** LISTED ENTRIES **
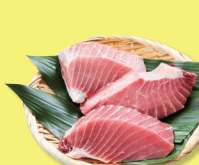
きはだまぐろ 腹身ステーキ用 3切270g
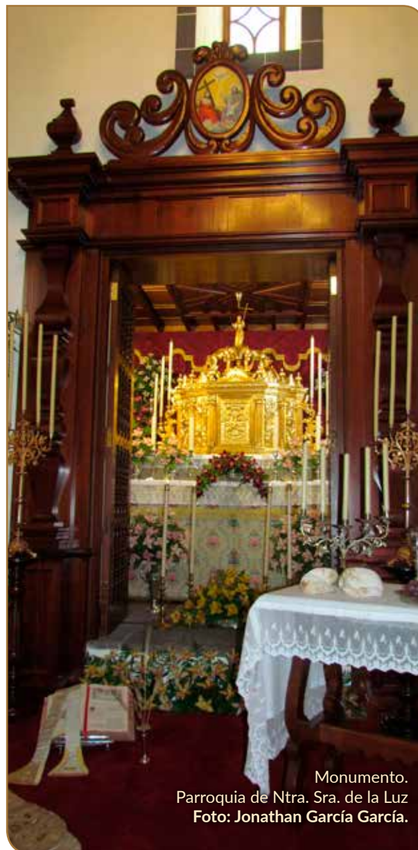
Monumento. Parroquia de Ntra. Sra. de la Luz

---

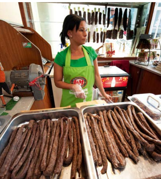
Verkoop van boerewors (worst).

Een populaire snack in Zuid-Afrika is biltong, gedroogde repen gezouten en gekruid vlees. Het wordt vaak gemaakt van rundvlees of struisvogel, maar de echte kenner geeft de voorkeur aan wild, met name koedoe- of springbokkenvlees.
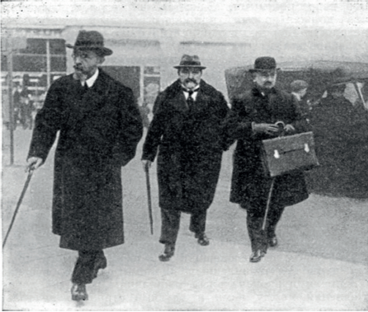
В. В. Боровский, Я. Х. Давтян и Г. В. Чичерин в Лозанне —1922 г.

** WHAT YOU SHOULD DO **
From the records above, give again only the part that opens with the line containing "Een populaire snack" and closes with the line containing "В. В. Боровский, Я.". Keep both ends but drop the pictures.

** WRITTEN RESPONSE **
Een populaire snack in Zuid-Afrika is biltong, gedroogde repen gezouten en gekruid vlees. Het wordt vaak gemaakt van rundvlees of struisvogel, maar de echte kenner geeft de voorkeur aan wild, met name koedoe- of springbokkenvlees.
В. В. Боровский, Я. Х. Давтян и Г. В. Чичерин в Лозанне —1922 г.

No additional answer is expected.